US bishops welcome Vatican statement on gravity of attempted women’s ordination

Archbishop Donald Wuerl and an attempted ordination by Roman Catholic Womenpriests.
Archbishop Donald Wuerl and an attempted ordination by Roman Catholic Womenpriests.


Archbishop Donald Wuerl of the U.S. bishops' Committee on Doctrine welcomed the Vatican’s recent clarification on the canonical penalties for the attempted ordination of women, saying the action shows “the seriousness with which it holds offenses against the Sacrament of Holy Orders.”

In a July 15 statement the Vatican said that the attempted ordination of women was a “grave delict,” a Church crime that is always referred to the Holy See for adjudication.

Archbishop of Washington Donald W. Wuerl, Chairman of the USCCB’s Committee on Doctrine, said the clarification was “a welcome statement.”

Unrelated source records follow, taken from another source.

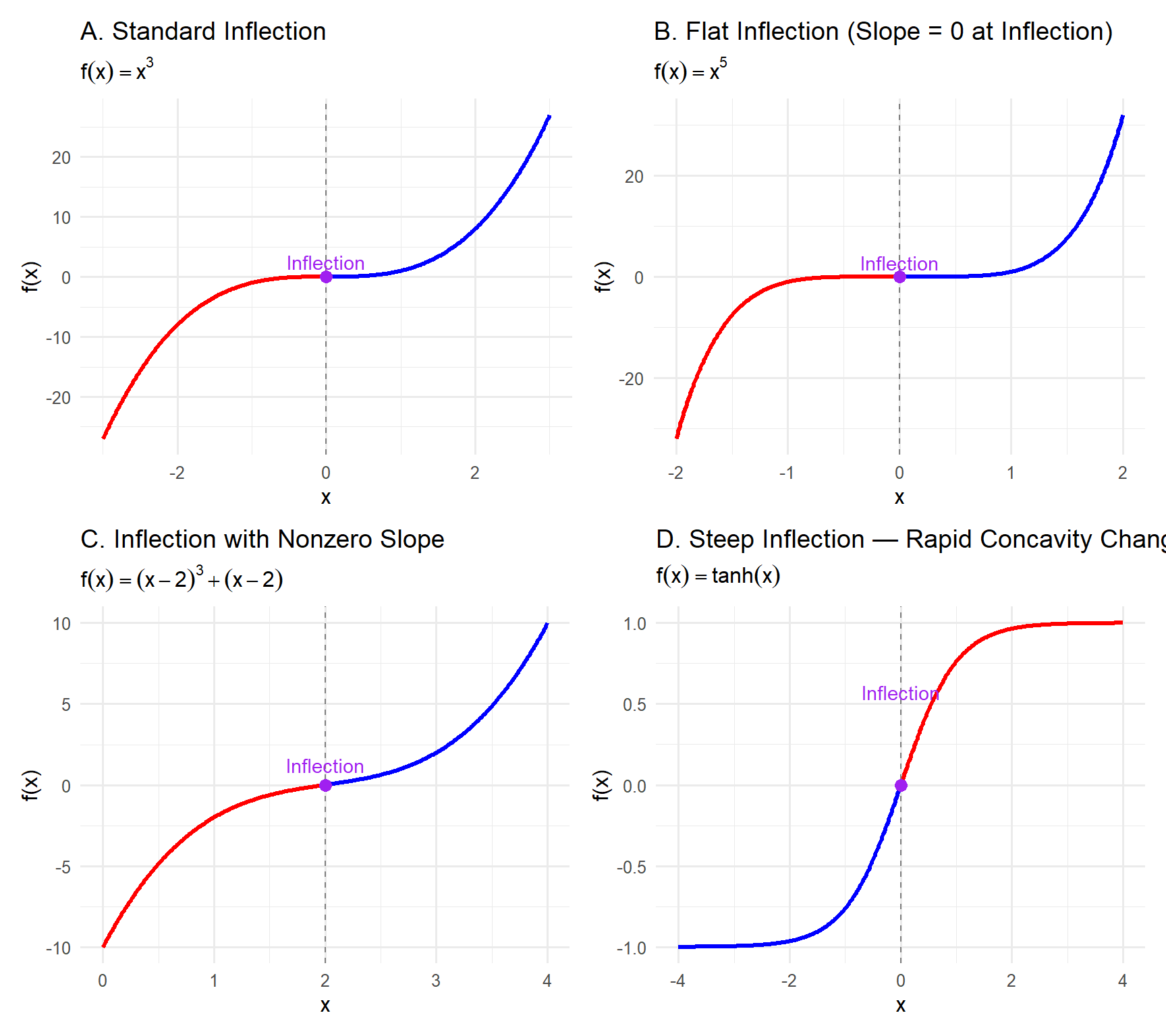 Interpretation: Curvature flips at 0 (classic S-shape); marks a transition from decelerating to accelerating growth.
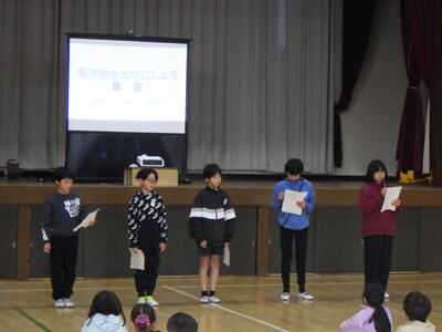 今朝は飼育・栽培委員会による「生き物を大切に集会」が実施されました。飼育しているインコのことなどクイズを交えながら進行しました。
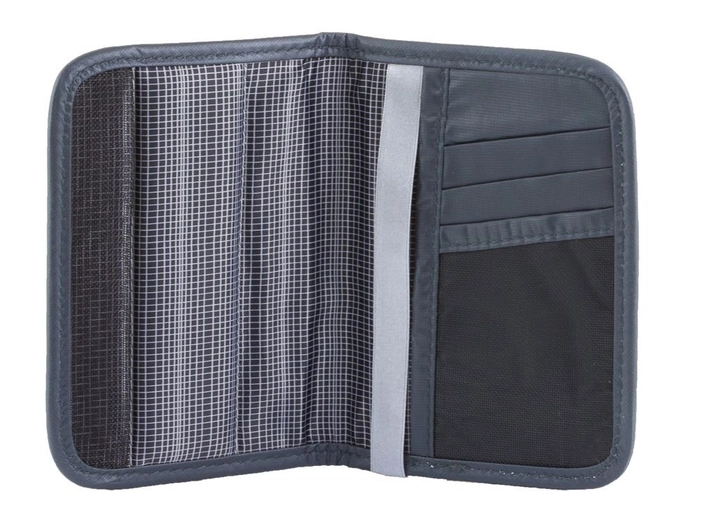 Portfel na karty oraz paszport. Wykonany z poliestru. Wbudowane zabezpieczenie kart zbliżeniowych oraz paszportów biometrycznych.
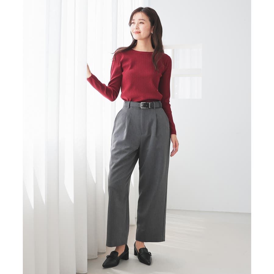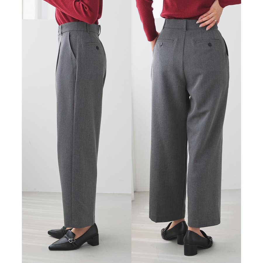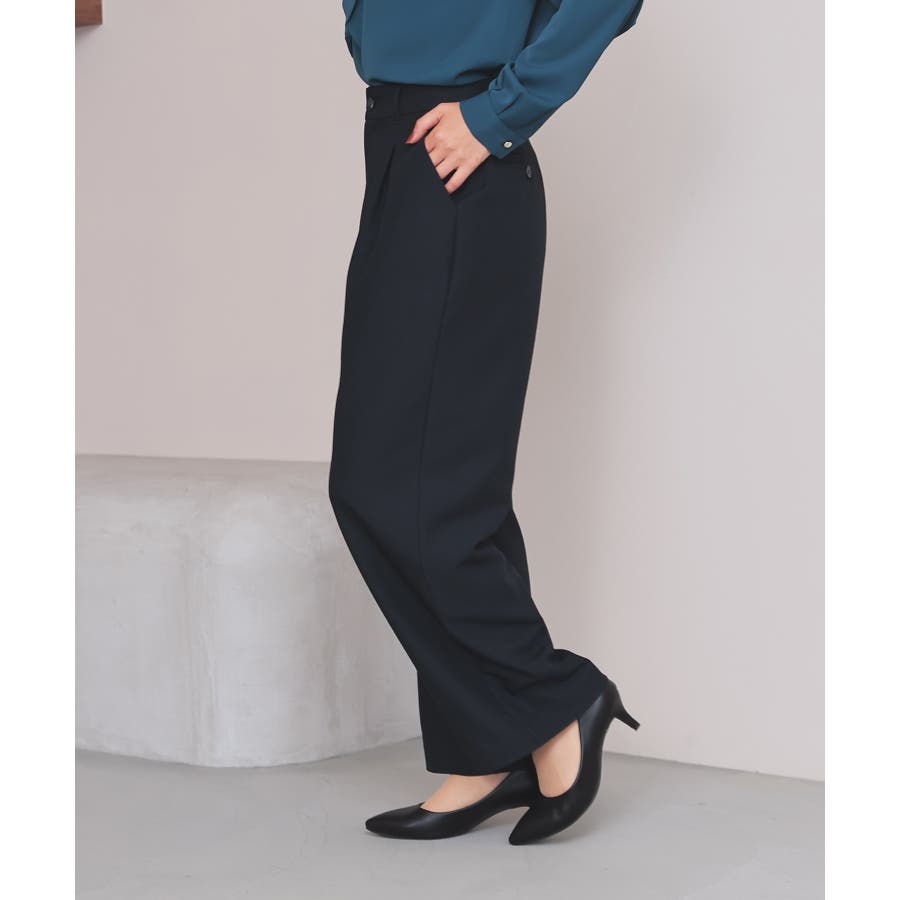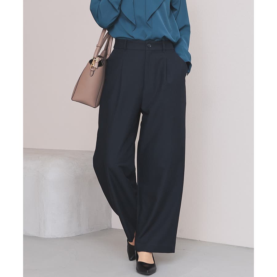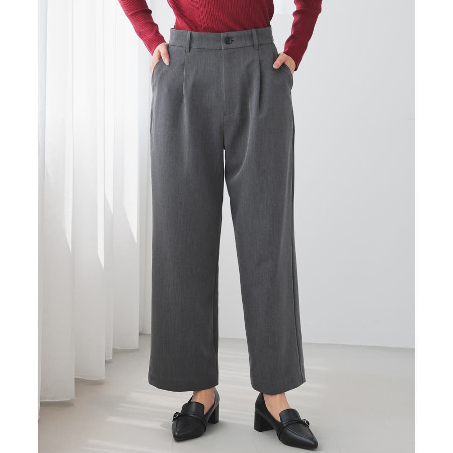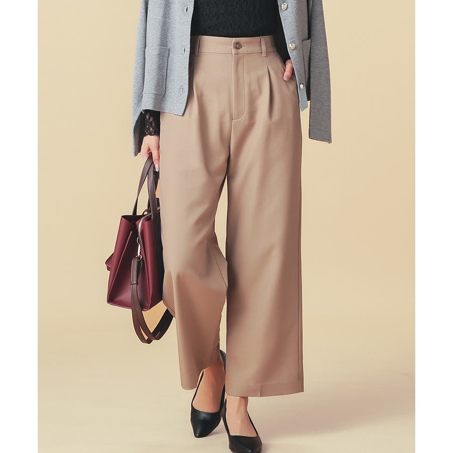 ストンと落ちる太すぎないシルエットとセンタープレスで脚をすらっと綺麗に見せる、こなれ度抜群のデザイン。
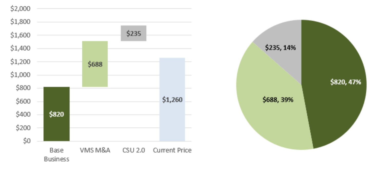 It’s helpful to think about the base case as the sum of three components: the existing business, value from VMS acquisitions, and value from CSU 2.0. Exhibit V splits this out. To value the base business, I took all VMS M&A to zero after 2021, and ignored the CSU 2.0 initiatives. I assume organic growth increases slightly to 2.5% from 2.0% because more human capital will be spent solving those problems. What I find particularly interesting is that the market doesn’t appear to be giving CSU any value for new initiatives, and is risking my VMS M&A assumptions by 40%. The implication is that the market isn’t pricing in large VMS M&A.
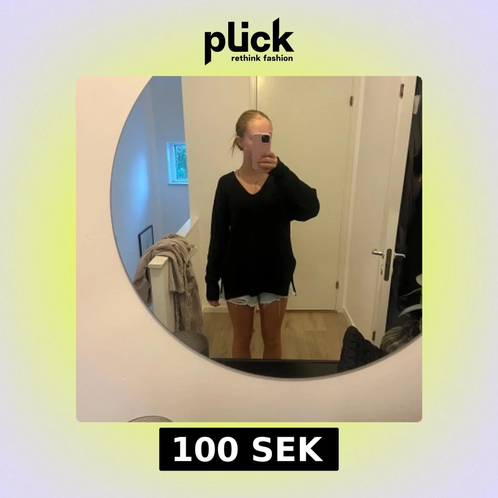 Svart stickad tröja från H&M i oversized modell med v-ringning och långa ärmar. Tröjan har slitsar i sidorna och är perfekt för lager-på-lager. Enkel och stilren design som funkar till allt. Strl Xs 💗

“The seven sacraments are an integral and identifying part of the Catholic Church and the faith life of each Catholic,” he commented. “To feign any sacrament would be egregious. The Catholic Church through its long and constant teaching holds that ordination has been, from the beginning, reserved to men, a fact which cannot be changed despite changing times.”

Archbishop Wuerl noted that all Catholics are called to “Christian service.”

Women have responded to this call with “extraordinary generosity” and have had an “essential role” in the life of the Church. They now serve in “Church leadership positions at all levels,” he commented, reporting that they hold nearly half of diocesan administrative and professional positions, about 25 percent of the top diocesan positions, and make up about 80 percent of lay parish ministers.

“The Church’s gratitude to women cannot be stated strongly enough. Women offer unique insight, creative abilities and unstinting generosity at the very heart of the Catholic Church,” Archbishop Wuerl continued.

Pope John Paul II, in his 1994 apostolic letter “Ordinatio Sacerdotalis,” reaffirmed that the Catholic Church has no authority to ordain women. The issue was also addressed by the U.S. bishops in their 1998 pastoral response.